A model which "represents" the data to an appropriate level of
accuracy can be effectively exploited within many practical
information processing applications. Examples are the implementation
of novelty detection, the estimation of missing or corrupt data, the
principled fusion of multiple models, and the implementation of
dynamically-reconfigurable pattern recognition systems.
Expertise
At Vector Anomaly we advocate a statistical approach to
the problem of data representation, and aim to derive a faithful model
of the probability distribution of the data. This approach is
a flexible one, and can be applied to both discriptive/interpretive applications
or "black-box" processing systems.
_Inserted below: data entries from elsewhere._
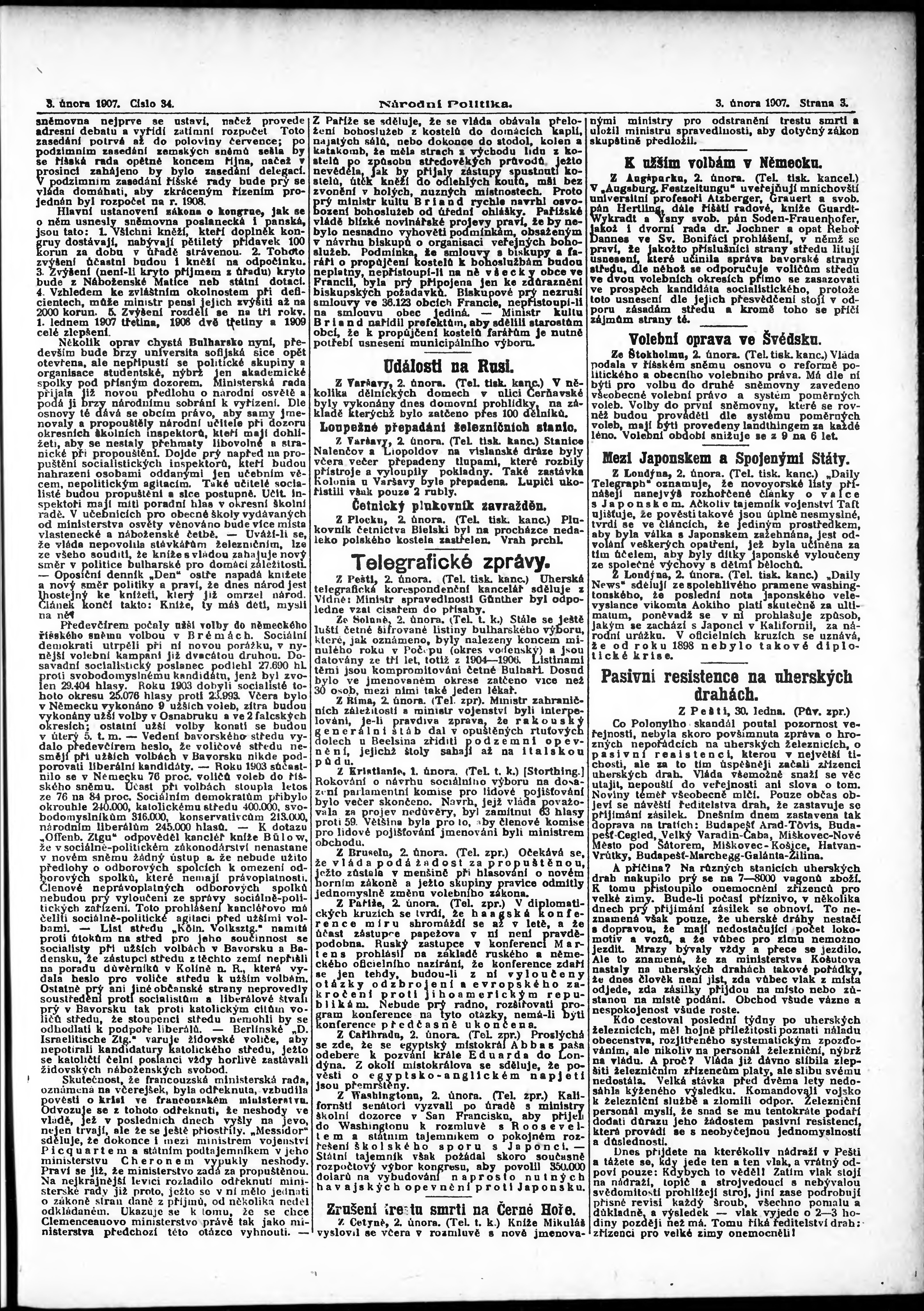 * Datum vydání výtisku: 3.2.1907 Číslo výtisku: 34 Poznámky k výtisku: ranní vydání;
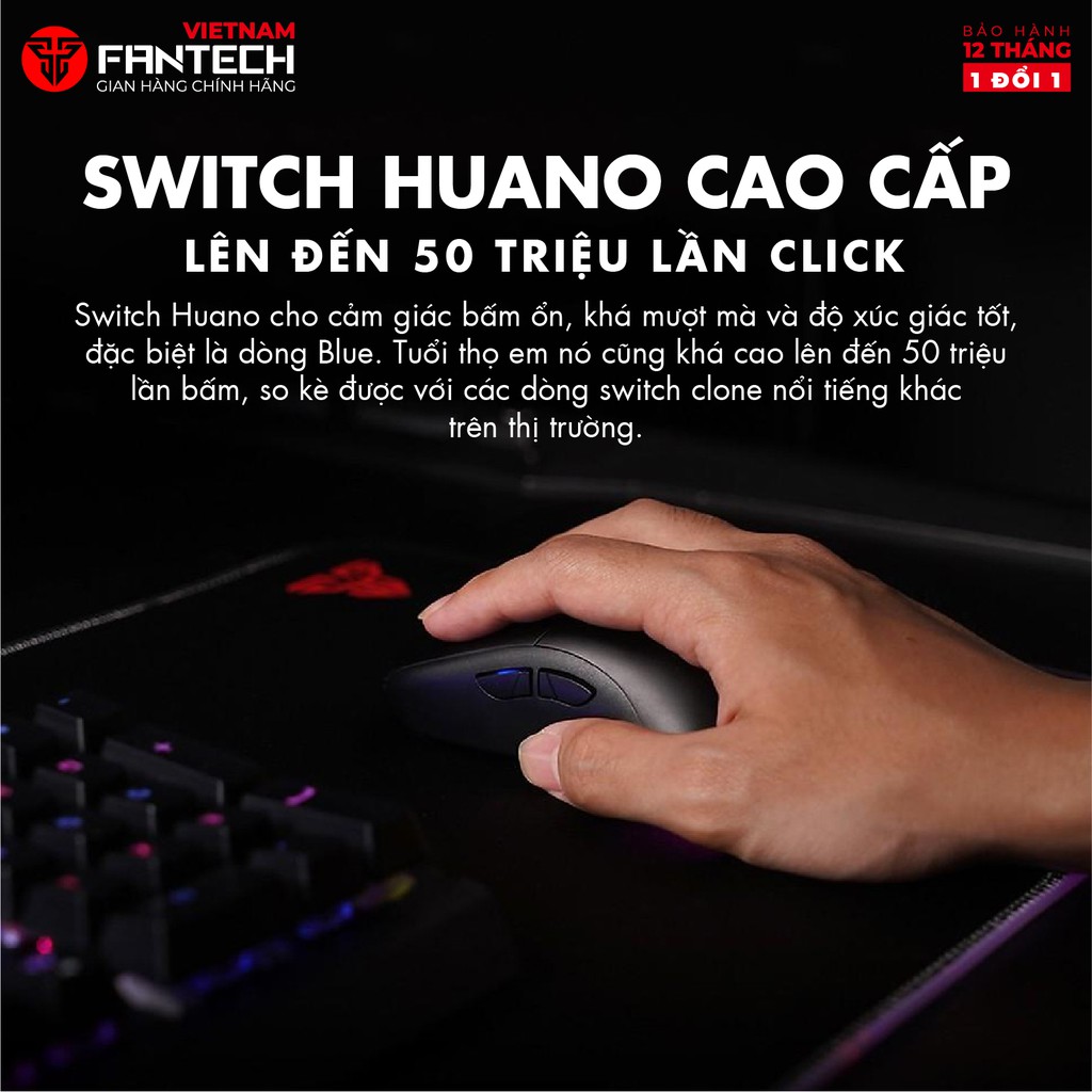 - Sử dụng Switch Huanno cao cấp cho tuổi thọ đạt đến 50 triệu lần click
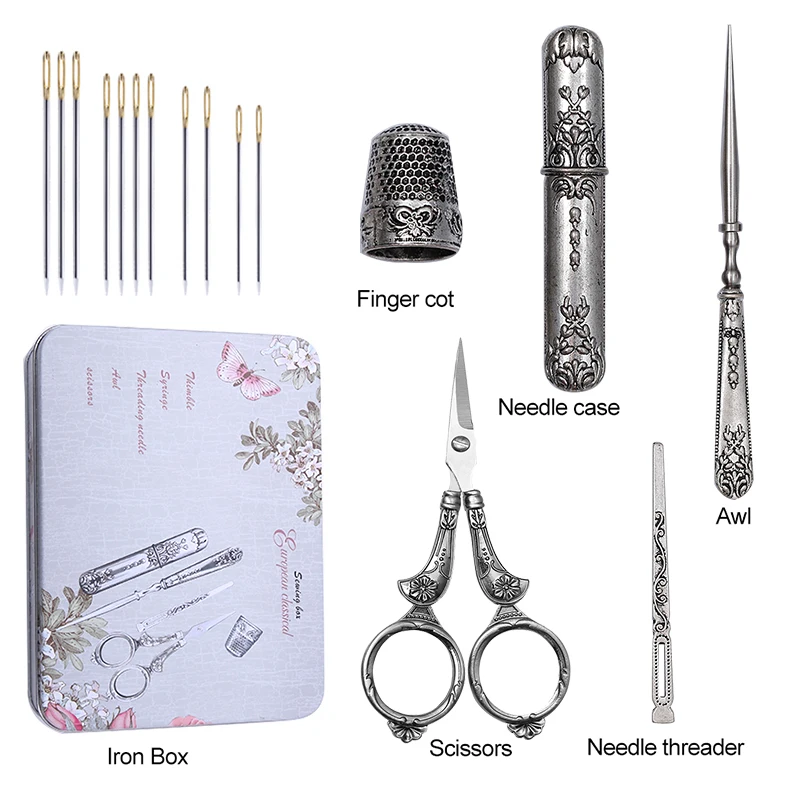 LMDZ 15Pcs/ Set Sewing Tool Set Vintage Scissors/ Needle bottle/ Needles/ Sewing Thimble/ Storage Box Sewing Kits For Needlework - Купить с бесплатной доставкой
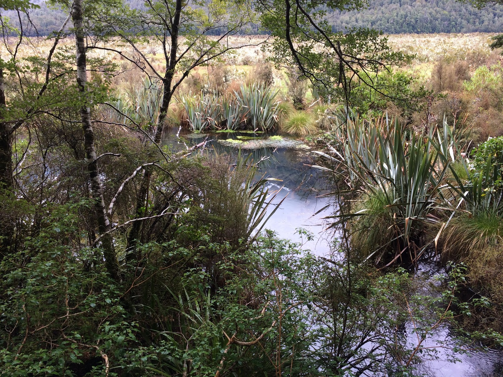 Wir nehmen die umgekehrte Route, nach Queenstown. Wir halten an den Aussichtspunkten, die wir heute Morgen verpasst haben: Mirror Lakes (weniger schön, wenn es hässlich ist), und verschiedene Aussichtspunkte, die für Fotos reserviert sind
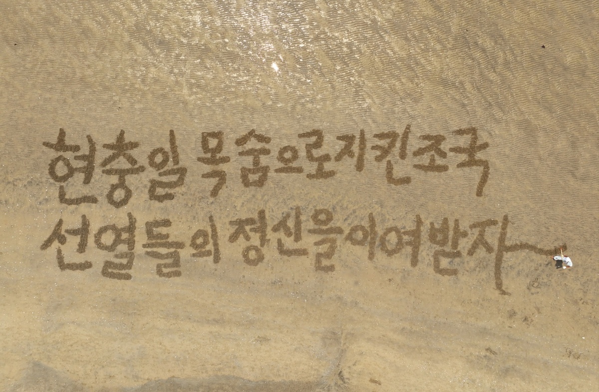 서예퍼포먼스 대가로 알려진 쌍산(雙山) 김동욱 서예가는 현충일을 앞둔 5일 오전 포항 송도해변에서 현충일 기념 행사를 마련했다.
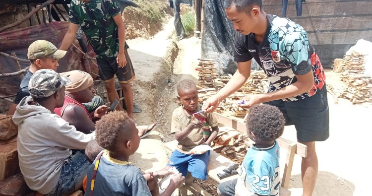 INTAN JAYA - Wajah-wajah polos penuh keceriaan anak-anak Kampung Maya, Distrik Homeyo, Kabupaten Intan Jaya, menjadi pemandangan hangat di sekitar Pos Maya Satgas Pamtas RI–PNG Mobile Yonif 113/Jaya Sakti pada Kamis (15/1/2026). Para personel TNI kembali menyentuh hati dengan membagikan makanan ringan, sebuah gestur sederhana yang sarat makna.
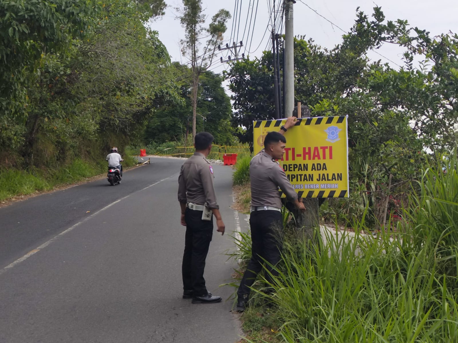 Keizalinnews.web.id|Redelong-:Dalam upaya meningkatkan keselamatan dan kesadaran berlalu lintas, Kapolres Bener Meriah melalui Kasat Lantas IPTU Syafarudin, S.H., memberikan himbauan kepada masyarakat dengan cara memasang rambu-rambu lalu lintas di sejumlah titik rawan kecelakaan.

As a result, we are able to model
a range of dependencies and features — e.g. co-linearities
(principal components) and clusters (mixture models) — all within
a unified probabilistic framework.
Much of our earlier work has focussed on this type of modelling including, for example, our popular
probabilistic PCA mixture model.
 
Key Technology
- General probability density estimation, from simple univariate
distributions to multivariate mixture models.
- Bayesian methodology to constrain model complexity and maximise
fidelity.
- Use of advanced estimation algorithms, exploiting
"expectation-maximisation" and "variational inference" techniques.
- Linear latent variable models for continuous data, including
factor analysis and probabilistic PCA.
- Mixture extensions of single models (including PCA) for greater flexibility.
- Nonlinear latent
variable models.
- Latent category models for discrete data.
|